San Francisco’s Republicans
The right’s performance in these races followed a string of successes in the region throughout the late twentieth century, exemplified by the old-guard socially moderate and fiscally conservative California GOP. The Bay Area’s pervasive entrepreneurial spirit and diligent work ethic had long given way to a substantial bench of Republican support.
The liberal bastion of San Francisco, renowned for its youth-driven counterculture, libertarian ideals, and leftist homogeneity, last saw a Republican mayor, George Christopher, leave office in 1964. A Greek immigrant, Christopher toed the ideological center throughout most of his mayoralty and predominantly focused on local issues.
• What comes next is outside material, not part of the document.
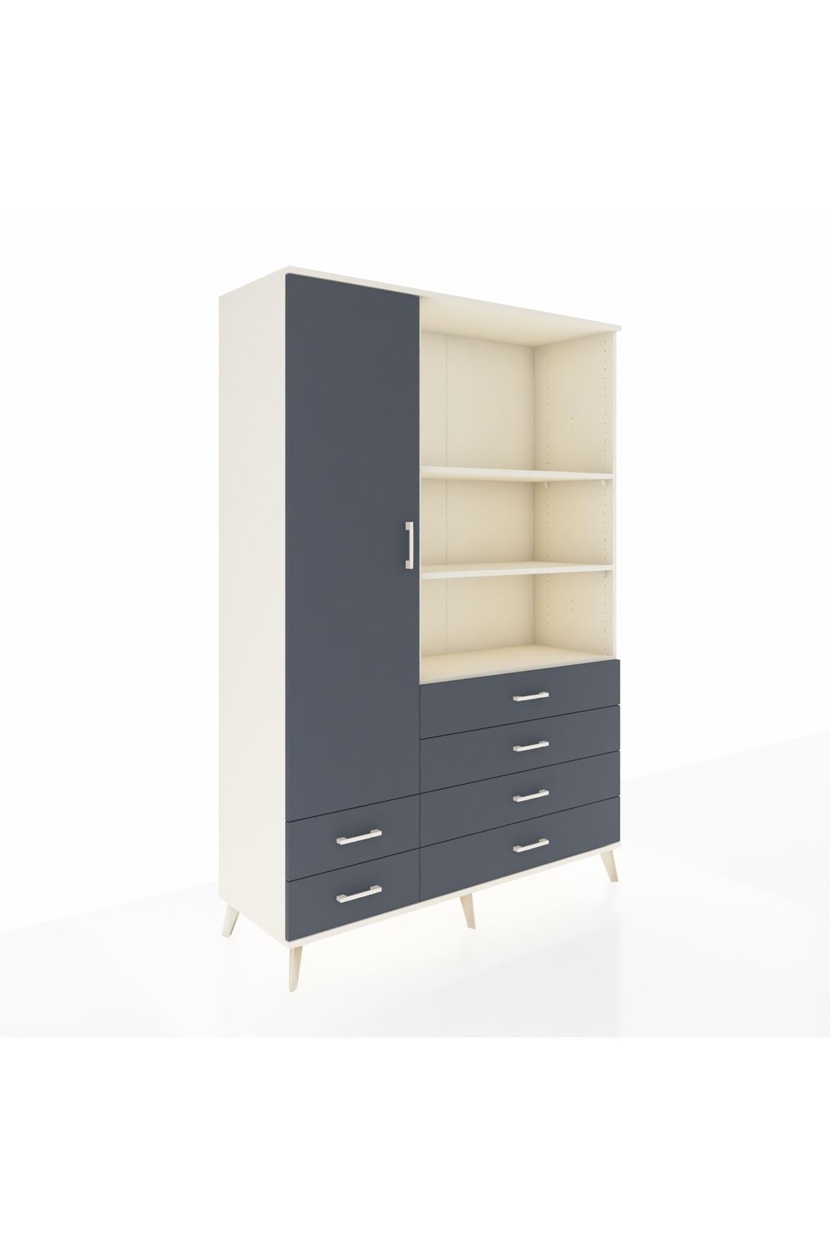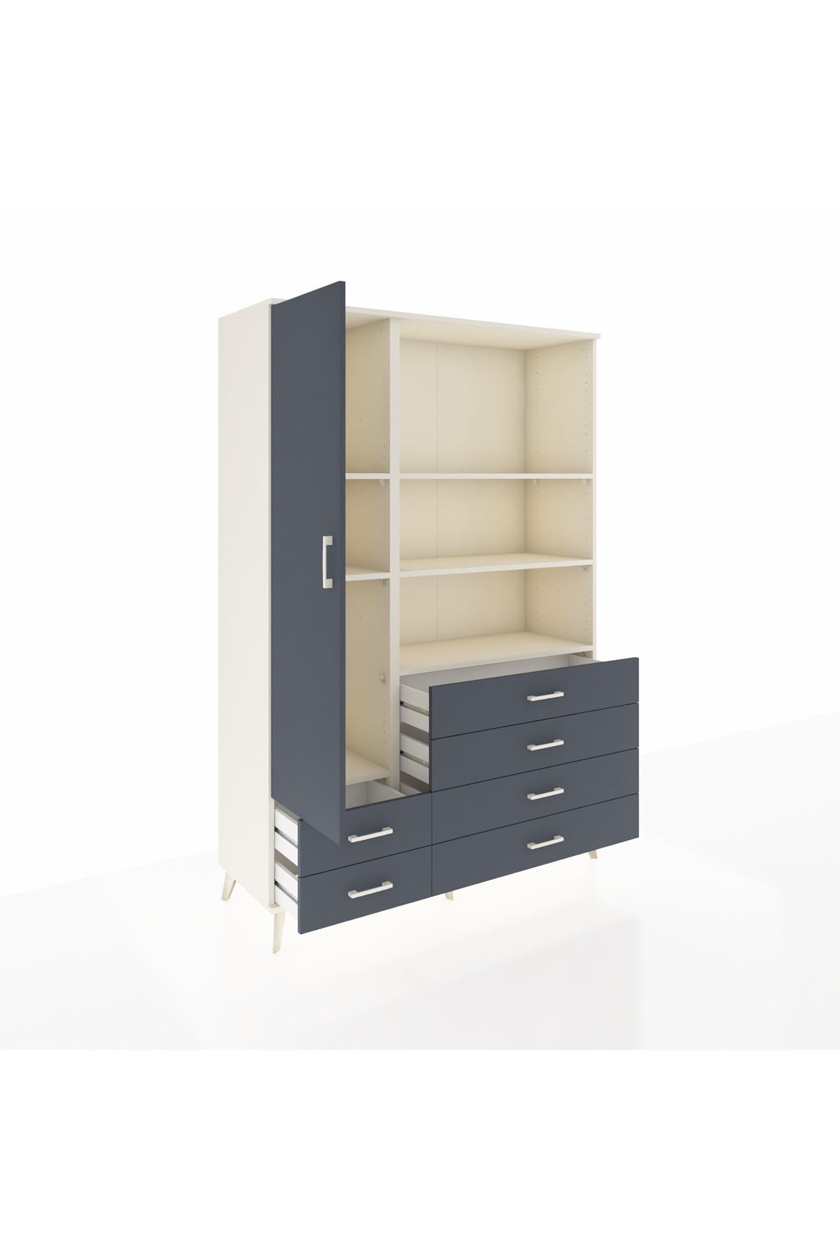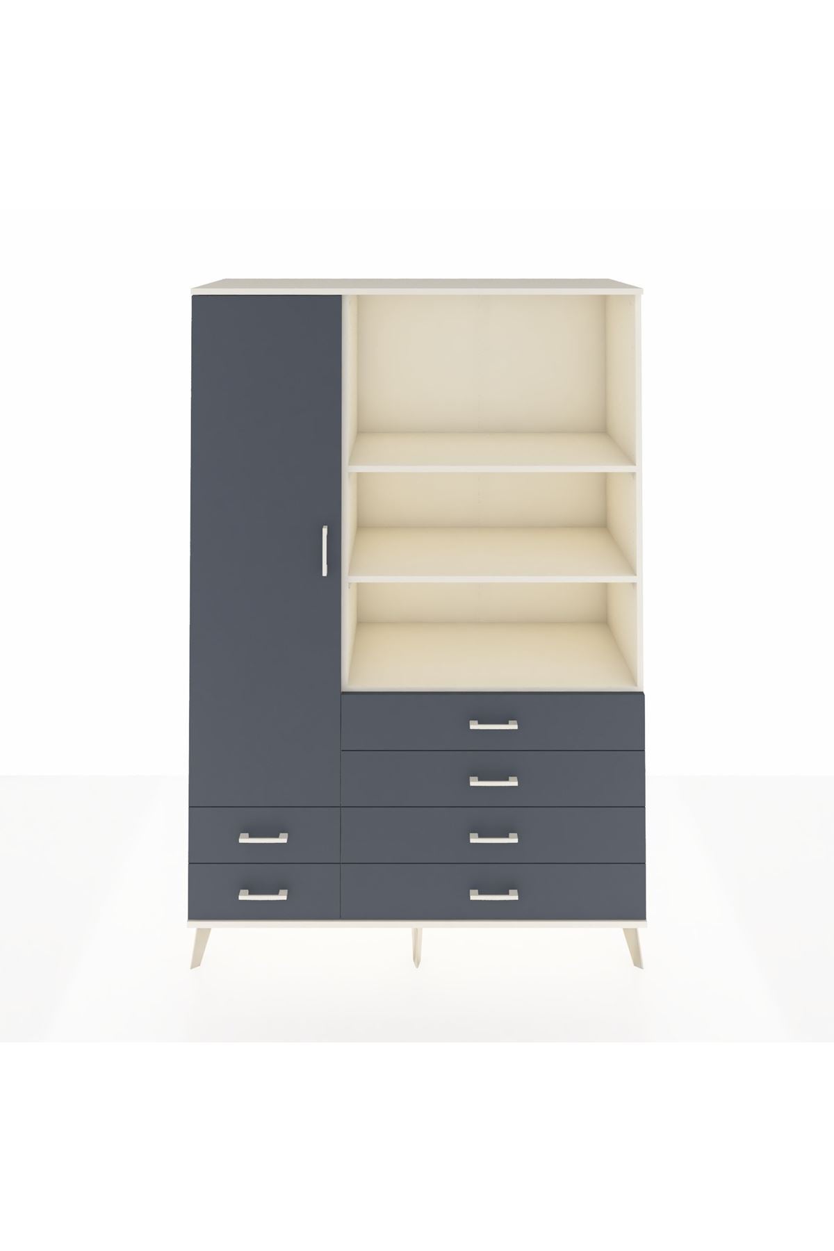 Hyperion Dolap 7 Raflı 6 Çekmeceli Tek Kapaklı 132x44x195 Aytaşı-Antrasit/Antrasit

Although he invited the national party to his city in 1956 to renominate President Dwight Eisenhower, Christopher was wary of the McCarthyite wing of the party. This was especially true when the House Un-American Activities Committee held hearings in San Francisco at the height of the Cold War. He encouraged gentrification of the city’s more impoverished areas and facilitated the relocation of the New York Giants baseball team to the city in 1958.
James Fang, the last San Francisco Republican
Distinct attention to local issues is what kept Republicans afloat in San Francisco until very recently. To date, the last Republican elected to any position in the city is James Fang. The son of a prominent family of Chinese immigrants, Fang served on the board of the Bay Area Rapid Transit (BART) system until 2014. Fang distinguished himself throughout his career as an advocate of labor interests. He even earned endorsements from the city’s most senior Democratic leaders (including Mayor Ed Lee, future California Governor Gavin Newsom, and House Speaker Nancy Pelosi) in his reelection bids. Additionally, his district, was drawn to capture his strongest areas: the plurality-Asian Sunset District and the wealthy White areas in the West and North of the city. These groups continually deflected the city’s overwhelming liberal leanings and cemented wide margins for Fang.
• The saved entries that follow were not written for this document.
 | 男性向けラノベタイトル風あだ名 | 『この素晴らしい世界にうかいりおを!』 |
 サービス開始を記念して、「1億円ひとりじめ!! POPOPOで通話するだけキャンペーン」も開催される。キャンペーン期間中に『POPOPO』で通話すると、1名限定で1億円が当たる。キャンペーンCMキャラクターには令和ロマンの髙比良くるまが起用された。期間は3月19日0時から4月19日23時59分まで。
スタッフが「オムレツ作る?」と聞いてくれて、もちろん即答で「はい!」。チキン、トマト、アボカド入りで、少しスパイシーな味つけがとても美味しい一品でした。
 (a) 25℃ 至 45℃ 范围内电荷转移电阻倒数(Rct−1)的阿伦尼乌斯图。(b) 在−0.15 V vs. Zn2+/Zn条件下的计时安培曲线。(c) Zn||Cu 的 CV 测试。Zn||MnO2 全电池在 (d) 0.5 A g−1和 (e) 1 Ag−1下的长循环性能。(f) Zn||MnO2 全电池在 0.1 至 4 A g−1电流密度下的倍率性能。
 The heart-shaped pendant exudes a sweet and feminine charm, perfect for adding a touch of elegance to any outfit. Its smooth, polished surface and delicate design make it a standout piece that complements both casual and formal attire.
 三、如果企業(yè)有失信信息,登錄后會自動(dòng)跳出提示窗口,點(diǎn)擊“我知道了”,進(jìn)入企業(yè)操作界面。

But as hyperpartisanship gripped the country, Fang’s perceived invincibility began to fade. His 65% vote total 2002 was reduced to 59% in 2006 and 51% by 2010. While his strength among his Asian constituents remained mostly intact, decreased support among progressive Whites contributed to narrower margins. His luck fell through in 2014 when his opponent, a progressive and recent transplant to San Francisco, flipped his seat by nearly 10%, doing little more than labeling Fang a Republican. The city’s near-unanimous support for the Democratic Party proved too much to save the entrenched and well-respected leader.
Bar Oakland, San Francisco’s equally-liberal, athletically-competitive counterpart to the East, the rest of the Bay Area witnessed a more elaborate network of Republicanism for most of its modern history. A moderate Republican brand had developed throughout most of the region with business-oriented professionals. This counterbalanced the deep-blue coastal clusters of San Jose, Fremont, and Hayward, as well as the leftist college students at Stanford and Berkeley.
Support began to slip away when the GOP reoriented itself towards a more southern and Evangelical audience. However, the region’s opulence allowed it to flourish with like-minded individuals. Atherton and Hillsborough, characterized by their exorbitant wealth and large Asian populations, were regarded as the peninsula’s most unabashedly conservative communities. The likes of Nixon and Reagan handedly won these areas even as greater numbers of Hispanics and African-Americans flocked to the region for jobs and opportunity.
The Last Congressmen
Among the region’s most well-known Republicans was Stanford law professor-turned-Congressman Tom Campbell. Campbell was elected in 1988 to serve a seat that included much of the university and southern Santa Clara County. He beat out San Mateo County Supervisor and his eventual congressional successor, Anna Eshoo. His record during his tenure was generally viewed as moderate. He was in favor of increased environmental regulation and against excessive foreign interventionism. With Democrats at the helm of redistricting, however, he realized his congressional career would be short-lived, so he launched an unsuccessful bid for the Senate in 1992. Following redistricting, he was ushered back into Congress in 1994, where he served continuously until his run for the Senate in 2000.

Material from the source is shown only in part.